Emmanuel Vadot [Tue, 26 Feb 2019 13:14:49 +0000 (13:14 +0000)]
arm64: rockchip: clk: rk_clk_composite: Properly use the mask bits
RockChip clocks register have a write mask in the upper 16 bits, if a 1
is present the corresponding bit in the lower 16 ones is set.
Use this instead of always setting the mask to 0xFFFF0000.
This avoids a read of the register.
While here add some debug printf useful for debuging clock problems
i386 PAE: avoid atomic for pte_store() where possible.

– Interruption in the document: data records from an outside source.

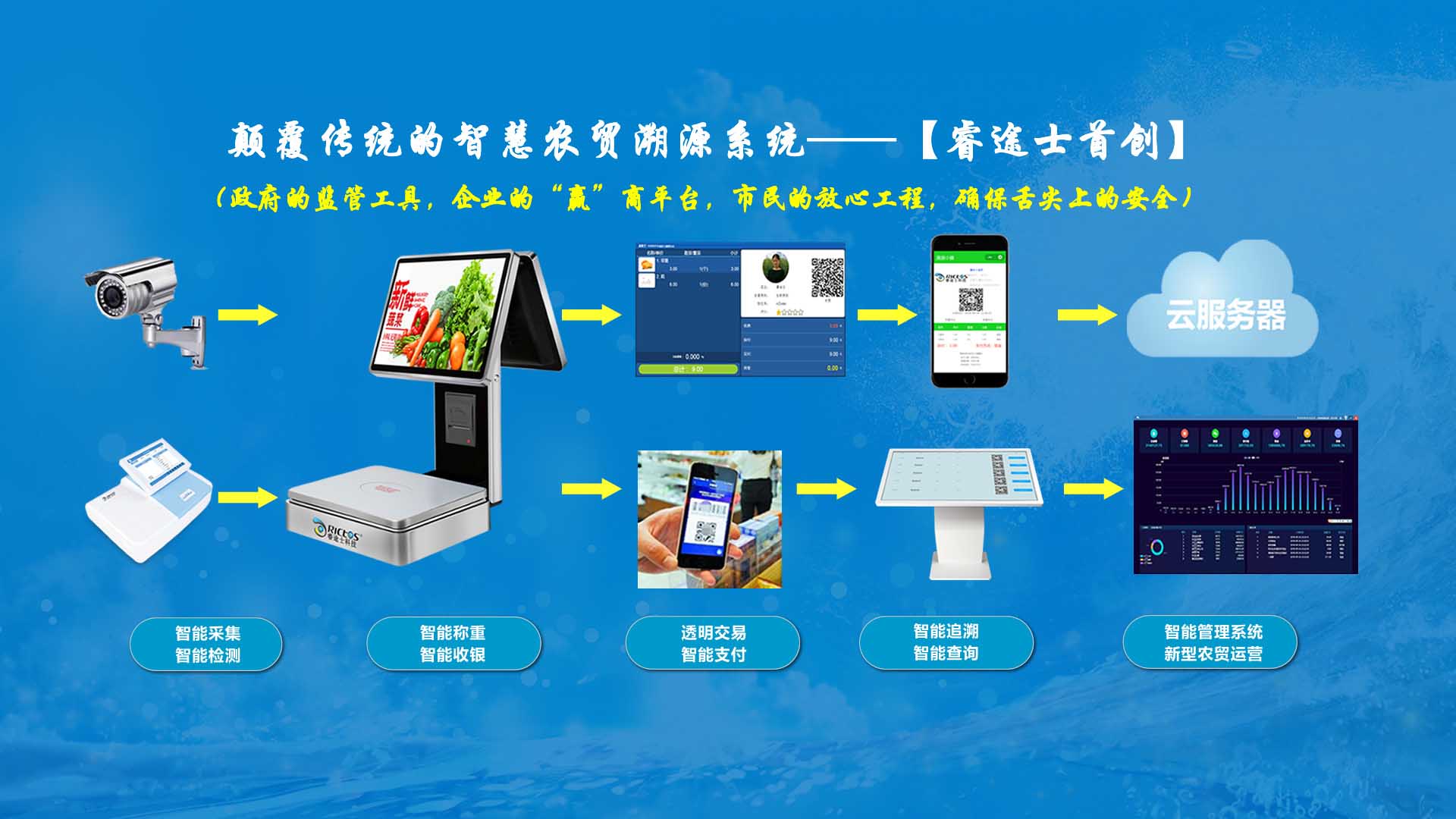 創(chuàng)新實(shí)現(xiàn)了【智慧農(nóng)貿(mào)溯源管理系統(tǒng)】與【智能稱重收銀】一體化解決方案,集市場(chǎng)管理、運(yùn)營(yíng)管理、溯源追溯、智能收銀大數(shù)據(jù)運(yùn)用于一體,硬件、軟件與管理系統(tǒng)完美結(jié)合。適用于農(nóng)批、農(nóng)貿(mào)市場(chǎng)蔬菜、生鮮、水果、水產(chǎn)、肉類、熟食等稱重和非稱重銷售;由于采用一體化設(shè)計(jì),解決了傳統(tǒng)農(nóng)貿(mào)市場(chǎng)無(wú)法實(shí)現(xiàn)的信息化、智能化、可追溯的管理問(wèn)題;使稱重、收銀、追溯、管理、更透明、公正、安全,讓顧客無(wú)后顧之憂,給管理工作帶來(lái)極大的便捷與高效,對(duì)國(guó)內(nèi)農(nóng)產(chǎn)品行業(yè)的發(fā)展、農(nóng)產(chǎn)品流通管理起到了典范作用。 【睿途士首創(chuàng)】顛覆傳統(tǒng)的“智慧農(nóng)貿(mào)市場(chǎng)系統(tǒng)”,解決了傳統(tǒng)農(nóng)貿(mào)系統(tǒng)單一安卓掛屏,昂視不方便看、不直觀、無(wú)互動(dòng)性,傳輸信息不齊全、不穩(wěn)定的問(wèn)題,也解決了按鍵電子秤商品難找、商品代碼難記、按鍵操作不靈活、支付不智能,對(duì)收銀管理、銷售商品、菜名、菜價(jià)、打折、優(yōu)惠、會(huì)員、線上下單、采購(gòu)等無(wú)法實(shí)現(xiàn)實(shí)際菜品交易和追溯等問(wèn)題。 更具顛覆性的是睿途士智慧系統(tǒng)擁有三大管理平臺(tái)(市場(chǎng)管理平臺(tái)、總部運(yùn)營(yíng)管理平臺(tái)、商戶后臺(tái)管理平臺(tái))、一個(gè)可視操作前臺(tái)和三大追溯功能,讓遠(yuǎn)程管理、數(shù)據(jù)傳輸、人機(jī)互動(dòng)、智能控制、移動(dòng)支付、大數(shù)據(jù)、互聯(lián)通信、云端存儲(chǔ)、人工智能、智能城市、電子定位、智能收銀等功能得以實(shí)現(xiàn)。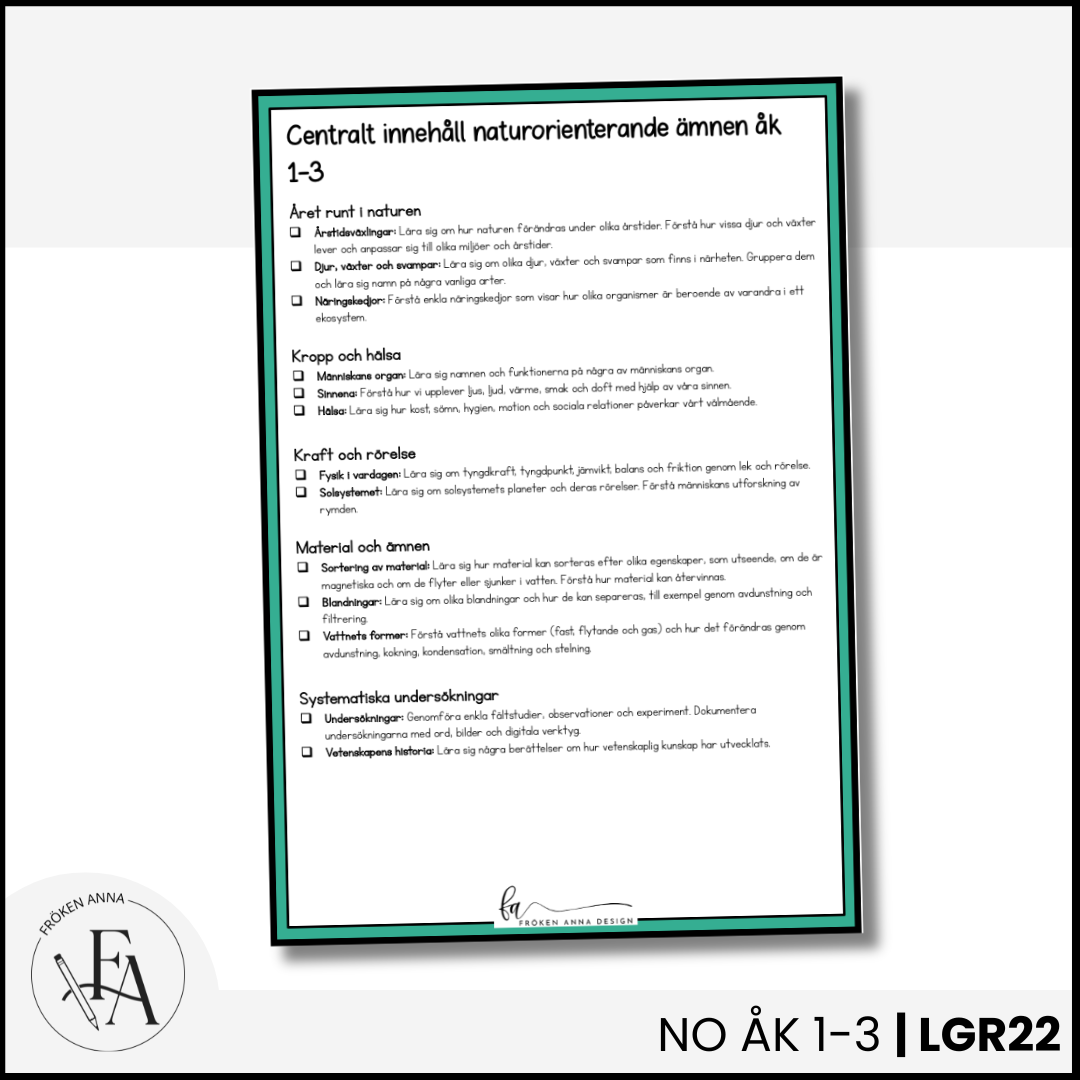 Checklista över det centrala innehållet i ämnet NO för åk 1-3, skrivet på ett elevnära och förenklat språk. Använd som underlag för varje elev vid IUP-samtal eller vid din egen planering av ämnet så inget missas.
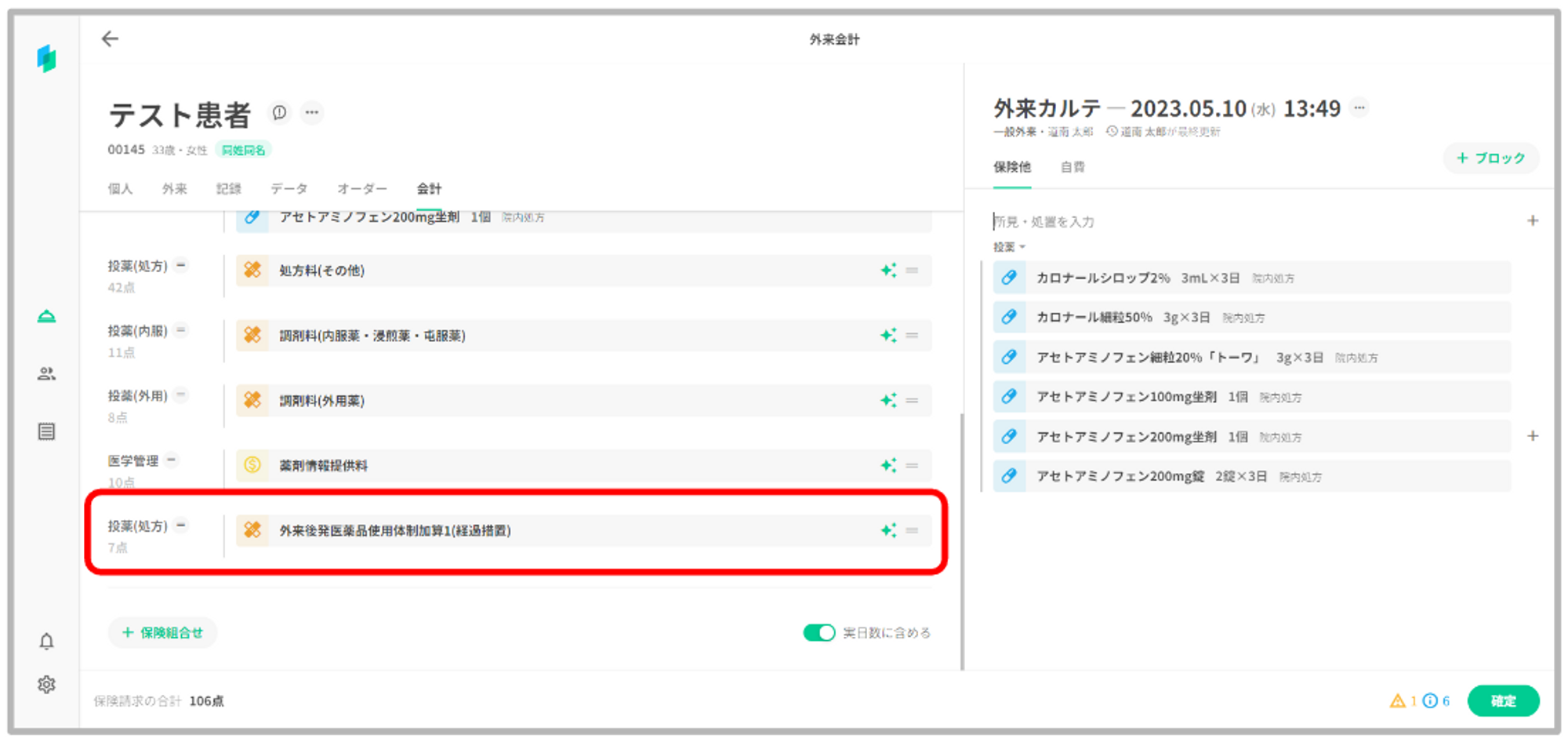 院内処方が出された場合、施設基準に応じた加算が自動算定されます。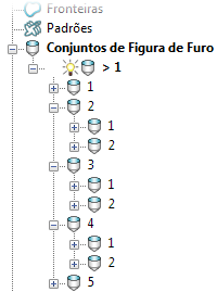 Neste exemplo existem dois furos padrão e três furos compostos. Os furos compostos são exibidos em cor-de-laranja.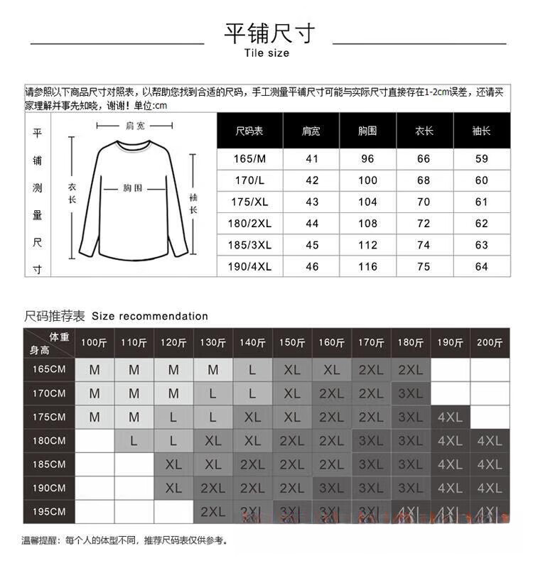 China (cm) 165 / 88-90 170 / 96-98 175 / 108-110 180 / 118-122 185 / 126-130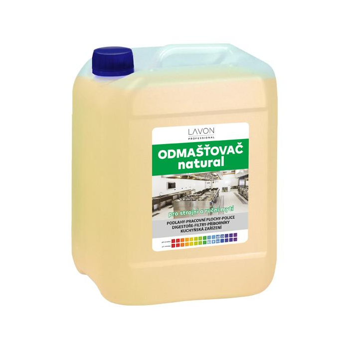 Lavon odmasťovač natural 5 l je špeciálny, silno alkalický, nízkopenivý čistič na vysoko znečistené podlahy a mastné umývateľné povrchy. Svoje uplatnenie si nájde v domácnosti, kuchyni, priemyselnej výrobe i gastronomických prevádzkach a reštauráciách. Popis vlastností odmasťovača plôch Lavon Prevedenie extra silný, pre strojné i ručné umývanie - priemysel, gastro a inštitúcie.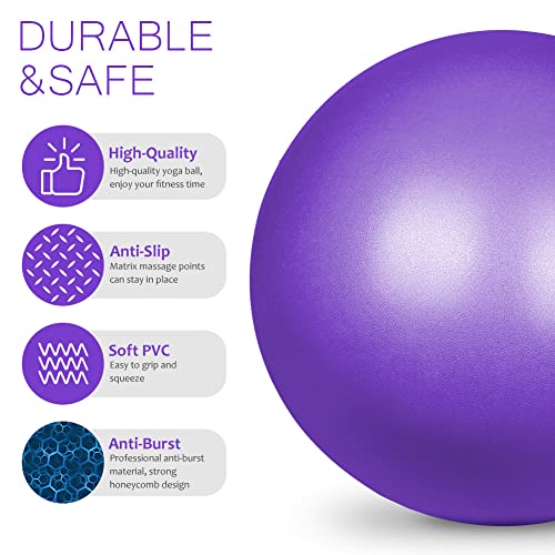 flintronic 25CM Mini Pilates Ball, Small Anti Burst Exercise Ball for Yoga, Pilates, Balance, Physical Therapy, Stretching and Core Fitness – Includes Stability Ball Workout Guide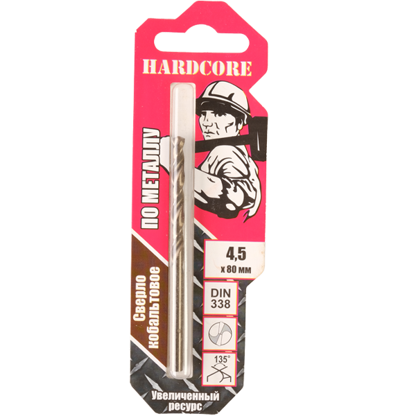 Сверло по металлу 4,50мм цил.хв. Hardcore Р6М5К5 Cobalt (141045)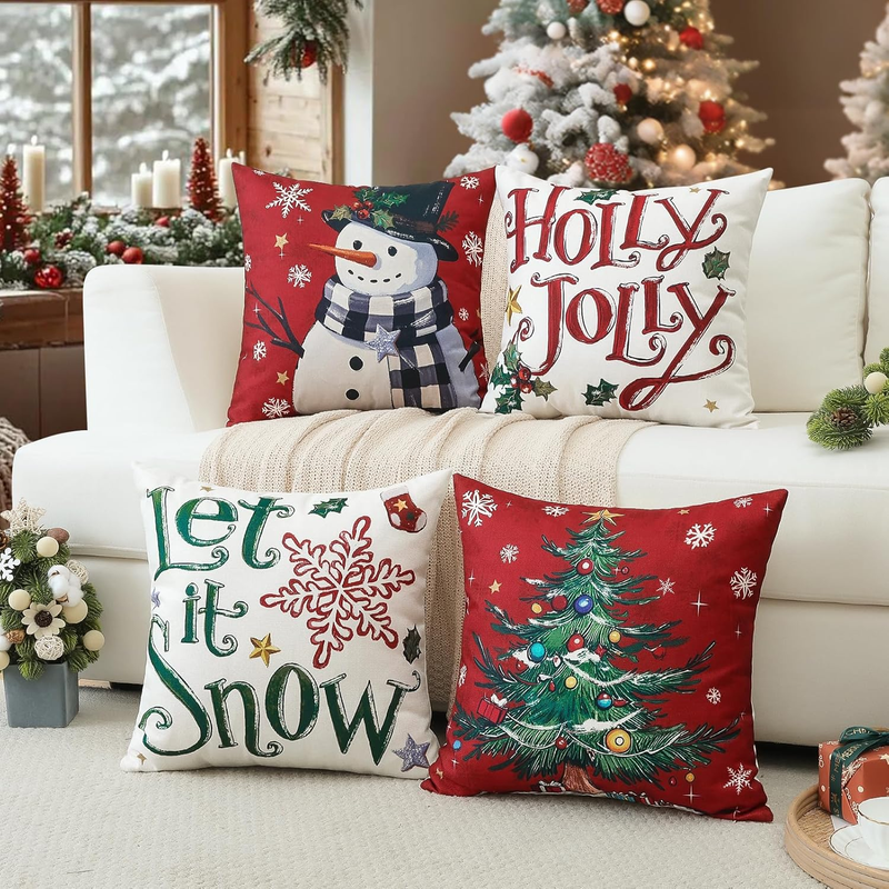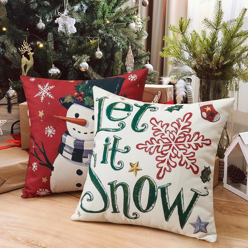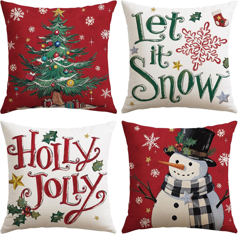 - Christmas Tree Snowman Throw Pillow Covers 18X18 Inch Set of 4, Let It Snow Holl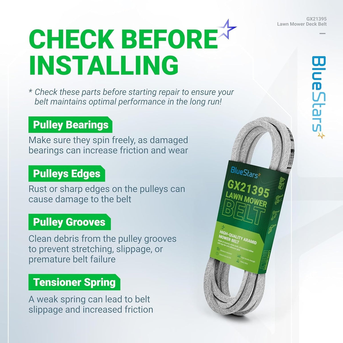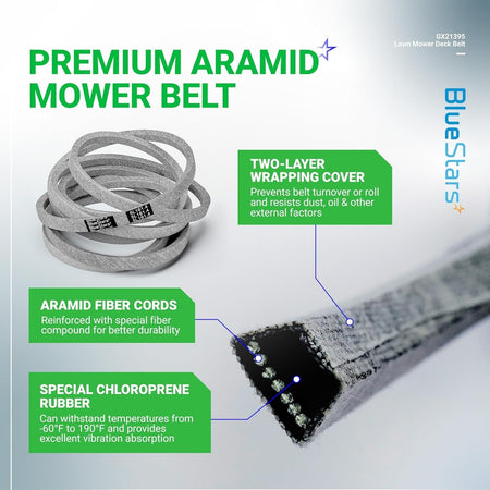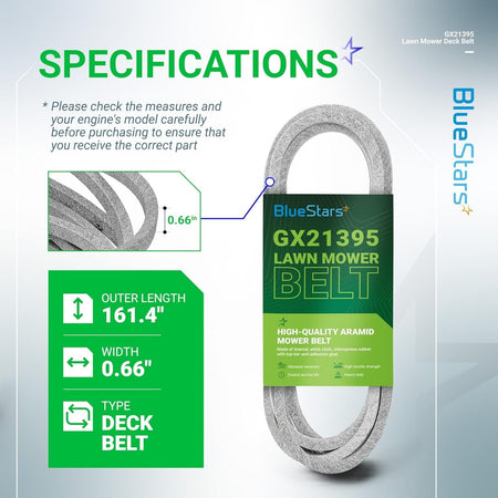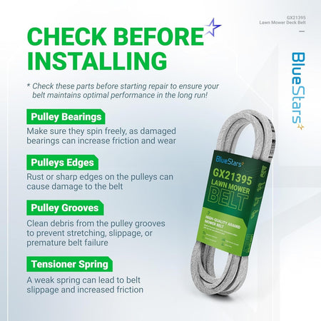 - Power Transmission: The GX21395 belt effectively transfers power from the engine to the blades, ensuring consistent and efficient cutting performance. Look for signs of wear such as cracks, side wall damage, or glazing to determine if replacement is necessary.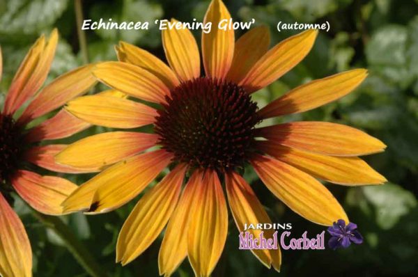 Comme les couleurs changeantes d’un coucher de soleil, le cultivar ‘Evening Glow’ présente des capitules aux rayons de couleurs chaudes; mais les coloris changent avec la température. Les inflorescences offrent des ligules colorés rose pâle, rose pêche et pêche jaunâtre durant la majeure partie de la période estivale et un centre brun invariable. Quand les températures s’abaissent et qu’il fait plus froid, les capitules présentent des rayons plus jaune vif à la base rouge comme sur les photos de promotion de ce cultivar. Nous cultivons cette échinacée depuis 2011 dans nos jardins de démonstration sis sur le terrain de notre entreprise à Saint-Eustache (zone 5) et nous apprécions sa floribondité et le coloris de ses nombreux capitules. Nous n’hésitons pas à la conseiller à nos clients, vous ne serez pas déçus. Le plant s’élève sur 60 à 80 cm et s’étale sur 50 cm. La floraison débute en juillet et les inflorescences se renouvellent jusqu’à la fin se septembre.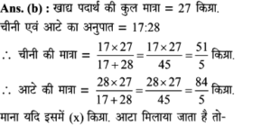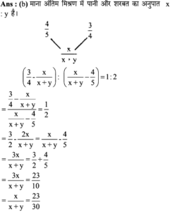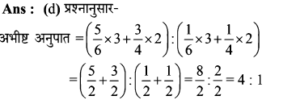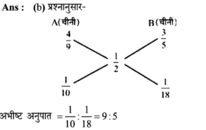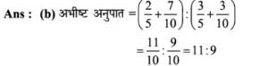 11. दो बर्तनों, A और B में चीनी और पानी के मिश्रण का अनुपात 4 : 5 तथा 3 2 है। आधी चीनी और आधा पानी का नया मिश्रण प्राप्त करने के लिए इन दोनों मिश्रणों को किस अनुपात में मिलाया जा सकता है?

Instead carefully write upper word, and only than the lower word with
PG_V, for previously invalid ptes. It provides some measurable system
time saving on buildworld.
Reviewed by: markj
Tested by: pho
Measured by: bde (early version)
Sponsored by: The FreeBSD Foundation
Differential revision: https://reviews.freebsd.org/D19226
Bruce Evans [Tue, 26 Feb 2019 09:44:10 +0000 (09:44 +0000)]
Attempt to fix build breakage in r344458.
Non-x86 arches use an inconsistently named header for the file containing
"pc" attributes, and the ifdef messes to include the right header were out
of date in the 2 files that I added to the MI files list.
Only amd64, arm, i386, mips, powerpc and sparc64 are supposed to support
syscons. Only arm and mips were out of date in the ifdef. Test
coverage for of syscons in arm is broken (turned off) in NOTES, but
syscons is in some other arm config files which universe detects as broken.
arm64 and riscv remain broken due to the opposite bug of not turning off
sc in NOTES, the same as before r344458 (see r344443).
The header is MD to contain possibly-non-"pc" encodings of attributes, but
since the attributes are essentially virtual in graphics mode and non-x86
arches only support graphics mode, the header has always been the same on
all arches except for different style bugs, so there should be only 1 MI
copy of it for syscons' use. It was used in pcvt and still gives an an
API and an ABI, so it should be public and MI near or in sys/consio.h.